No caso da Geórgia, o governador republicano Brian Kemp estampou as manchetes do país ao decidir reabrir o comércio no Estado no dia 23, a despeito de alertas contrários de médicos e especialistas. A flexibilização das regras de isolamento incluiu a retomada de manicures, cabeleireiros, espaços de massagem, academias de ginástica e estúdios de tatuagem. Trump, que vinha pressionando para a retomada das atividades nos Estados, criticou o republicano: “Eu não estou feliz com Brian Kemp”, disse.
“Não dá para saber ainda como a pandemia baterá em cada Estado. Louisiana não é um Estado-pêndulo, mas pode passar a ser, porque é uma região onde o coronavírus atingiu com força. A forma como cada Estado vai reagir à covid-19 tende a trazer um grande impacto”, afirma Moura.
Apoio a democrata
O vírus também é central na disputa da Carolina do Norte. O senador republicano Thom Tillis, que tenta garantir a reeleição, passou a apoiar as medidas do governador democrata para determinar fechamento do comércio e do isolamento social pelo menos até o dia 8. “Ainda não eliminamos o vírus. A última coisa que podemos fazer é baixar a guarda agora”, afirmou o senador, em desacordo com outros líderes republicanos.
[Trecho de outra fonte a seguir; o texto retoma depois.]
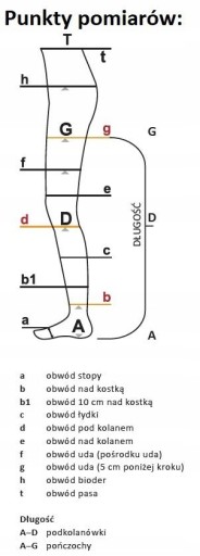 Pomiaru rozmiaru dokonujemy wg tabeli rozmiarów poniżej. Kluczowe wymiary to: parametr obwód nad kostką, parametr d obwód pod kolanem oraz g obwód uda 5 cm poniżej krocza.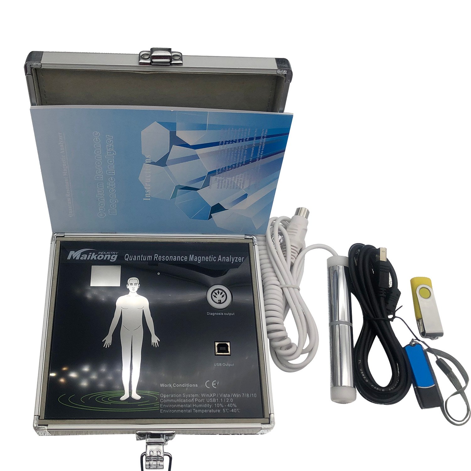 Un analizador cuántico de resonancia magnética es un dispositivo que mide las frecuencias electromagnéticas emitidas por las células del cuerpo humano. Las células sanas y enfermas emiten diferentes señales electromagnéticas. El analizador captura estas señales cuando el paciente sostiene un sensor, las amplifica, y las compara con una base de datos de espectros de resonancia estándar para generar 53 informes de salud en aproximadamente un minuto.

A vitória do republicano foi apertada na última eleição, com menos de 2 pontos porcentuais de diferença do rival democrata. O concorrente pelo lado democrata, o veterano Cal Cunningham, acusa o senador de não pressionar o governo federal o suficiente para distribuir ao Estado equipamentos de proteção aos profissionais de saúde.
A proximidade com Trump, um trunfo para candidatos republicanos, pode, desta vez, se mostrar um desafio para os que fizerem campanha em locais muito afetados pela pandemia.
O Partido Republicano parece reconhecer o problema. Um memorando de estratégia foi elaborado por um marqueteiro e encaminhado aos candidatos ao Senado com orientações sobre como tratar a crise. O documento, obtido pelo site Politico, orienta os candidatos a culpar a China pela pandemia, a fazer relações entre os democratas e o governo chinês e evitar entrar em discussões sobre a forma como Trump lida com a crise.
O recado é para que os candidatos comentem apenas a restrição de voos vindos da China imposta por Trump em janeiro, ao falar sobre as medidas adotadas pela Casa Branca. O ideal, argumentam os estrategistas, é reconhecer que autoridades de saúde pública demoraram a agir, mas colocar a culpa na China.
Presidência. Embora não haja detalhes das pesquisas internas que preocupam Trump na disputa presidencial, sabe-se que as sondagens se referem a Estados-chave na eleição. O presidente americano não é escolhido pelo voto direto, mas por 538 votos de um colégio eleitoral alocados para cada Estado, de acordo com a população. Por isso, a eleição presidencial de novembro será decidida por alguns Estados, como Flórida, Michigan, Pensilvânia e Wisconsin.
Trump chegou a apresentar uma recuperação de popularidade no fim de março, com o país já mergulhado na epidemia. A desaprovação a seu governo era então de 45%, segundo o Instituto Gallup. Em abril, saltou para 54%, tendência similar à de outras pesquisas, nacionais e regionais. Assessores querem que Trump diminua as declarações diárias sobre a pandemia. Ele quer mantê-las. As informações são do jornal O Estado de S. Paulo.